Numpy matrix multiplication issue with 20 elements
I am using a matrix multiplication method to retrieve the position of True and False into an array; this is necessary because I cannot use a for look (I have thousands of records). The procedure is the following:
import numpy as np
# Create a test array
test_array = np.array([[False, True, False, False, False, True]])
# Create a set of unique "tens", each one identifying a position
uniq_tens = [10 ** (i) for i in range(0, test_array.shape[1])]
# Multiply the matrix
print(int(np.dot(test_array, uniq_tens)[0]))
100010
The 10010 must be read from right to left (0=False, 1=True, 0=False, 0=False, 1=True).
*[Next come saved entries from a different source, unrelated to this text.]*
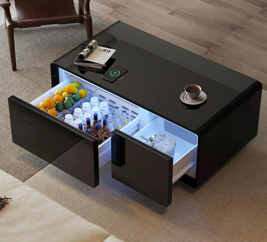 Smart Freezing Coffee Table*_Chill drinks without leaving the couch._A modern coffee table with a bu...
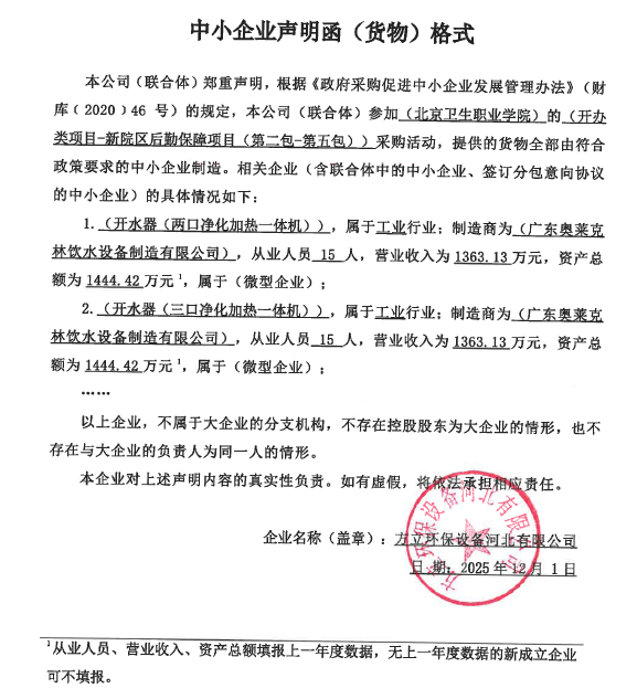 | 方立环保设备河北有限公司 | 开水器(三口净化加热一体机) | 90L、AL-2BJ-9 | 30 | 0.836万元 | 25.08万元 | 开水器(三口净化加热一体机) |
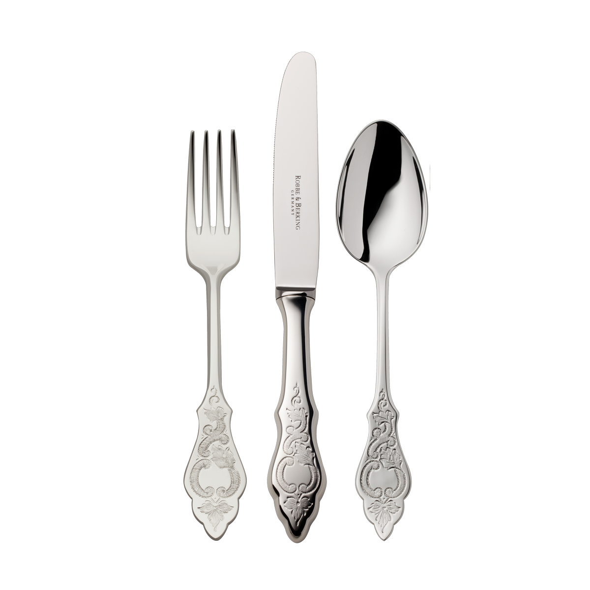 For over a century, Ostfriesen has epitomised the essence of traditionally-styled cutlery, meticulously crafted with precision by Robbe & Berking. Combining timeless elegance with meticulous attention to detail, this collection has been a staple in silver, silver plate and stainless steel. Its charming shape and engraved handles make it the ideal addition to any traditional table setting, whatever the occasion.
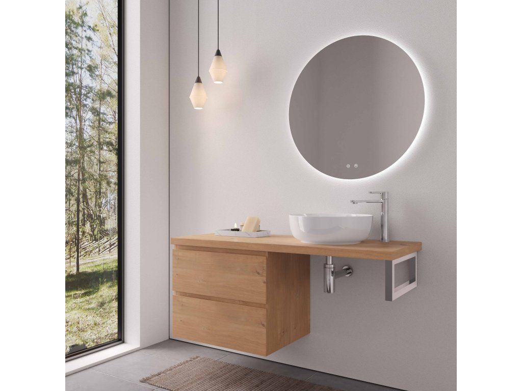CERANO - Koupelnová skříňka Carole - dub medový + deska pod umyvadlo Navira Pro - 36 mm + konzole chrom - 120x46x56,6 cm
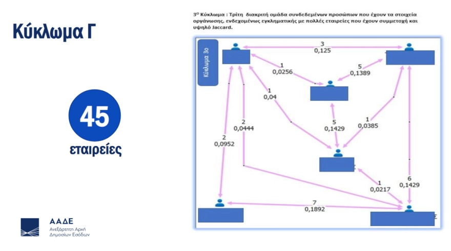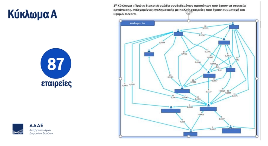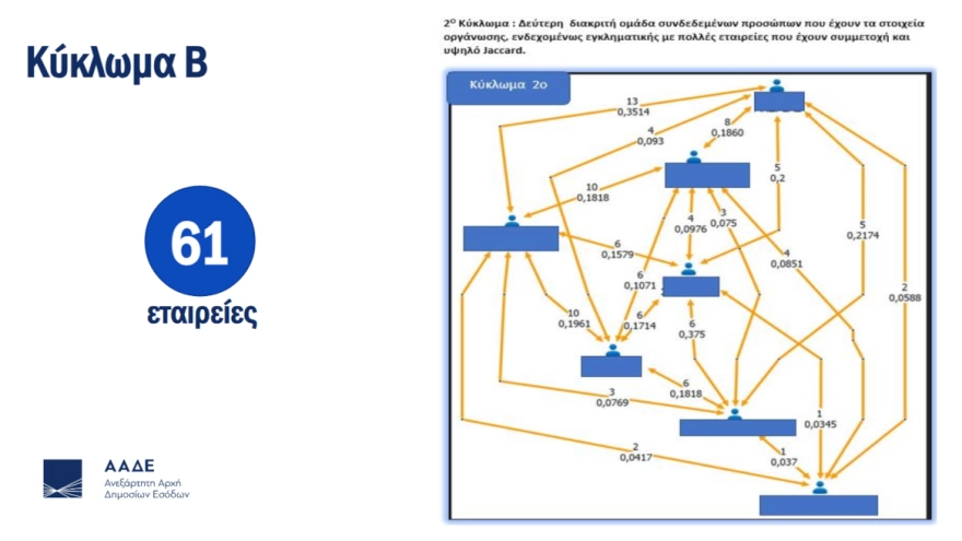 Με τη χρήση των καινοτόμων μεθόδων ανάλυσης, δύο τουλάχιστον πρόσωπα εντοπίστηκαν ως συνδεδεμένα και συνεργαζόμενα καθώς συνυπήρχαν σε κοινό εταιρικό σχήμα, είτε ως διαχειριστές είτε ως μέλη ή εταίροι ή μέτοχοι.
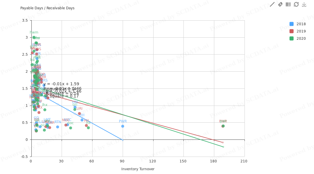 In 2019, there is a strong linear relationship between Payable Days / Receivable Days and inventory turns for Chinese companies, i.e. Payable Days / Receivable Days increases rapidly with the increase in inventory turns. In 2018 and 2020, the trend of this increase is very flat. Unlike Payable Days / Receivable Days in the U.S., which increase with inventory turnover, the possible reason for this change in China is that there is not a strong link between collections and payments and deliveries.
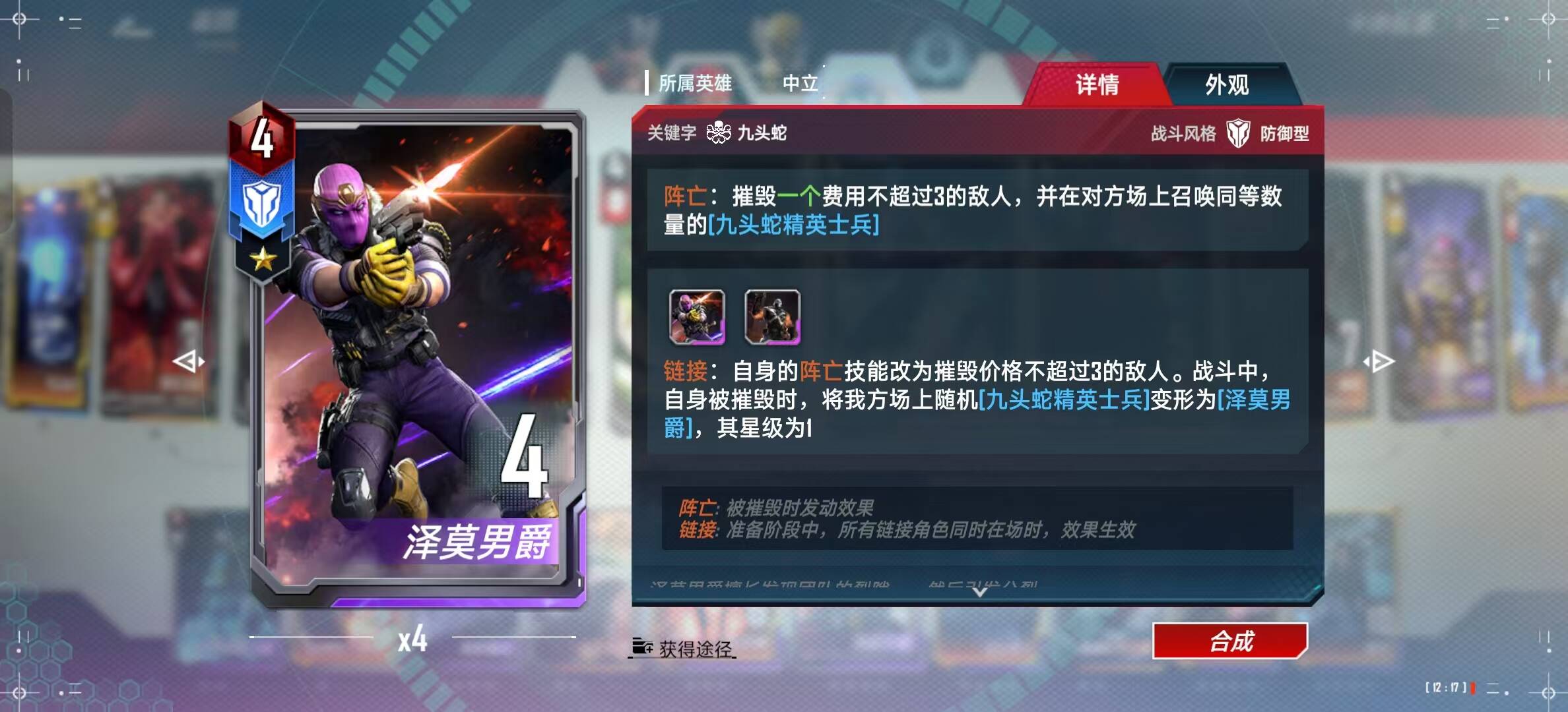 核心思路:依靠泽莫和2+1交叉骨抓5价格一下的怪,4星泽莫可以摧毁4个并变出4个九头蛇士兵,九头蛇士兵又自带嘲讽,可以配合暴风女链接持续触发吹风,因为吹风会减半战力,所以大身材可以一战。

Everything works fine except if the test_array is of 20 elements.
# This works fine - Test with 21 elements
test_array = np.array([[False, True, False, False, False, False, False, False, False, False, False, False, False, False, False, False, False, False, True, True, True]])
print(test_array.shape[1])
uniq_tens = [10 ** (i) for i in range(0, test_array.shape[1])]
print(int(np.dot(test_array, uniq_tens)[0]))
21
111000000000000000010
# This works fine - Test with 19 elements
test_array = np.array([[False, True, False, False, False, False, False, False, False, False, False, False, False, False, False, False, False, False, True]])
print(test_array.shape[1])
uniq_tens = [10 ** (i) for i in range(0, test_array.shape[1])]
print(int(np.dot(test_array, uniq_tens)[0]))
19
1000000000000000010
# This does not work - Test with 20 elements
test_array = np.array([[False, True, False, False, False, False, False, False, False, False, False, False, False, False, False, False, False, False, False, True]])
print(test_array.shape[1])
uniq_tens = [10 ** (i) for i in range(0, test_array.shape[1])]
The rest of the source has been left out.